Consta por testimonios de ambos protagonistas que sin tener que abrir las bocas sus labios se humedecieron mutuamente como cuando una pareja comparte algún secreto inevitablemente jugoso, porque sus labios no se podían pegar en seco y que por más que el marinero intentó no taparle el rostro, su puño entrecerrado era más velo para el misterio que la mano con la que sostenía en ese instante no sólo el peso de una mujer de blanco, sino el peso inmenso del instante con el que terminaba una guerra. El instante que congeló Eisenstadt en su más famosa fotografía donde también consta el asombro, puro júbilo y alguna ligera taquicardia de envidia en las caras de dos chismosas que sonríen, otro marinero que parece caminar buscando turno y no pocos civiles boquiabiertos.

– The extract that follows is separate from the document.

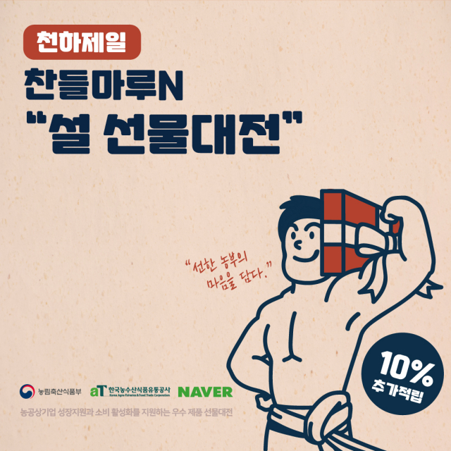 또한 농공상기업의 온라인 판로를 위한 자생력을 키워주기 위해 ‘찬들마루N’ 입점기업 중 성장가능성이 높은 30개사에 대해서는 300만 원 한도 내 네이버 광고 및 마케팅 컨설팅도 지원한다.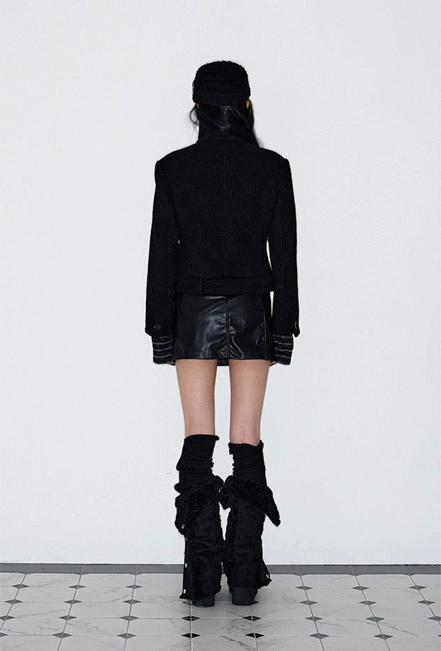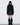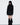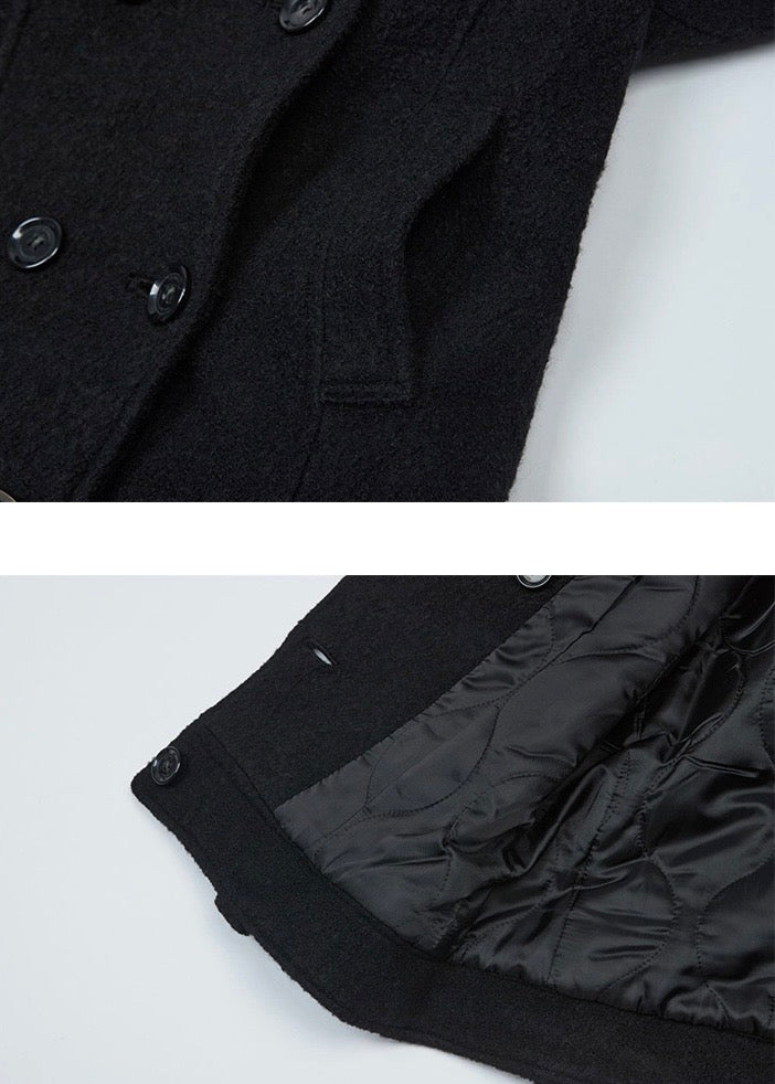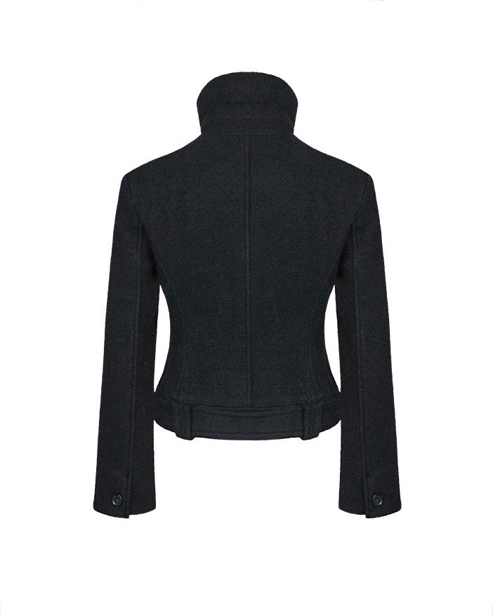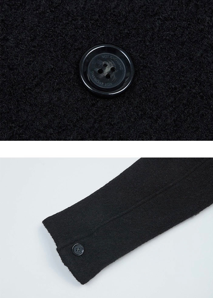 Mid-length black coat with a high neck, made of bouclé wool with a soft touch, offering a structured and elegant silhouette.

Tomada la fotografía de un milagro –apuntalada además por otra fotografía desde otro ángulo que confirma la epifanía—la pareja no cruzó palabra: Edith Shain se encaminó al hospital donde siguió atendiendo mutilados y heridos de esa guerra que como todas las guerras en realidad parece prolongarse en heridas y transfusiones, memorias y rencores, mientras que el marinero McDuffie tomó el tren subterráneo que lo llevó a Brooklyn y de allí a una larga vida en Texas, tres matrimonios, hijos, amigos, algunos partidos en una liga amateur de baloncesto y toda otra vida en otras trincheras con otro uniforme como cartero postal, seguramente entregando cartas de amor, poemas anónimos, fotografías selladas con labios pintados color rojo-pasión y mensajes perfumados en papeles color pastel.

El otrora marinero Glenn Edward McDuffie murió en Texas el pasado 9 de marzo a una hora incierta, luego de sufrir un infarto en medio de un casino donde seguía jugando al azar como quien arriesga un beso anónimo en medio del mundo. No consta, pero los trombones con sordina trazan un sendero de música callada entre nubes, las trompetas sin aullidos completan la armonía de un ritmo callado que sincroniza los pasos de la mujer de blanco que flota hacia sus brazos. Ambos recuerdan el instante que vivieron hace más de siglo porque ya lo han de vivir. Diga si no, el fotógrafo centenario que los espera cámara en mano… para que conste.